Start of Block
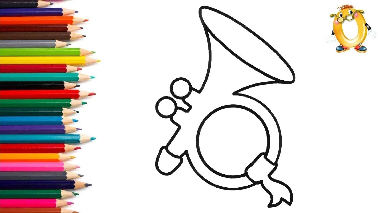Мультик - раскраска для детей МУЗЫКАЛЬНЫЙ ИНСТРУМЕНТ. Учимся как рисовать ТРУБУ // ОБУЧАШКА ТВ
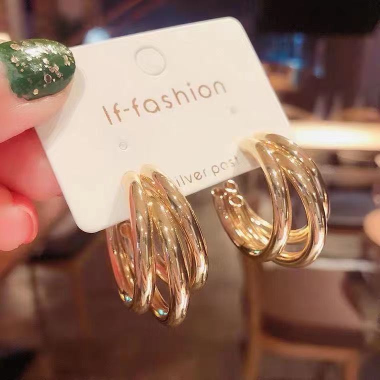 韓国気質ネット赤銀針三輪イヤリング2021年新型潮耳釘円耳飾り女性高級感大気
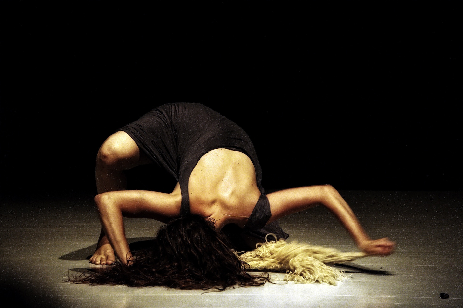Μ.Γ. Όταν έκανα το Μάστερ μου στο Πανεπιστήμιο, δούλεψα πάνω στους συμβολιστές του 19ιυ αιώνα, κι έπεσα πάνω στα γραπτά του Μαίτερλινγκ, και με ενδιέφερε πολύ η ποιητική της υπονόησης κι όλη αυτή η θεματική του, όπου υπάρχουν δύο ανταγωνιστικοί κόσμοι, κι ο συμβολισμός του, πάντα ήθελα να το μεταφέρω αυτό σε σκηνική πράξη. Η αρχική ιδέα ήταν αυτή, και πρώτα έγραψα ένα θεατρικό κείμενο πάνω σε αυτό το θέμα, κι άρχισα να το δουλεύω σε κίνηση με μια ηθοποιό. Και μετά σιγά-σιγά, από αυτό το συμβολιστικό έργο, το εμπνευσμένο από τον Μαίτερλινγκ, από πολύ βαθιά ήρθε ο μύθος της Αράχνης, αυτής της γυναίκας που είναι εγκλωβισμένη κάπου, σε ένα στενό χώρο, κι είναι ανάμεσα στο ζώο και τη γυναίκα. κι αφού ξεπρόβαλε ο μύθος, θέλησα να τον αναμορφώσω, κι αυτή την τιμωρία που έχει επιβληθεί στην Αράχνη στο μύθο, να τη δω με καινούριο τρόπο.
End of Block
If a picture falls within the span, leave it out, and reproduce exactly the lines from the one containing "韓国気質ネット赤銀針三輪イヤリング2021年新型潮耳釘円耳飾り女性高級感大気" through the end of the material, and no others.

 韓国気質ネット赤銀針三輪イヤリング2021年新型潮耳釘円耳飾り女性高級感大気
Μ.Γ. Όταν έκανα το Μάστερ μου στο Πανεπιστήμιο, δούλεψα πάνω στους συμβολιστές του 19ιυ αιώνα, κι έπεσα πάνω στα γραπτά του Μαίτερλινγκ, και με ενδιέφερε πολύ η ποιητική της υπονόησης κι όλη αυτή η θεματική του, όπου υπάρχουν δύο ανταγωνιστικοί κόσμοι, κι ο συμβολισμός του, πάντα ήθελα να το μεταφέρω αυτό σε σκηνική πράξη. Η αρχική ιδέα ήταν αυτή, και πρώτα έγραψα ένα θεατρικό κείμενο πάνω σε αυτό το θέμα, κι άρχισα να το δουλεύω σε κίνηση με μια ηθοποιό. Και μετά σιγά-σιγά, από αυτό το συμβολιστικό έργο, το εμπνευσμένο από τον Μαίτερλινγκ, από πολύ βαθιά ήρθε ο μύθος της Αράχνης, αυτής της γυναίκας που είναι εγκλωβισμένη κάπου, σε ένα στενό χώρο, κι είναι ανάμεσα στο ζώο και τη γυναίκα. κι αφού ξεπρόβαλε ο μύθος, θέλησα να τον αναμορφώσω, κι αυτή την τιμωρία που έχει επιβληθεί στην Αράχνη στο μύθο, να τη δω με καινούριο τρόπο.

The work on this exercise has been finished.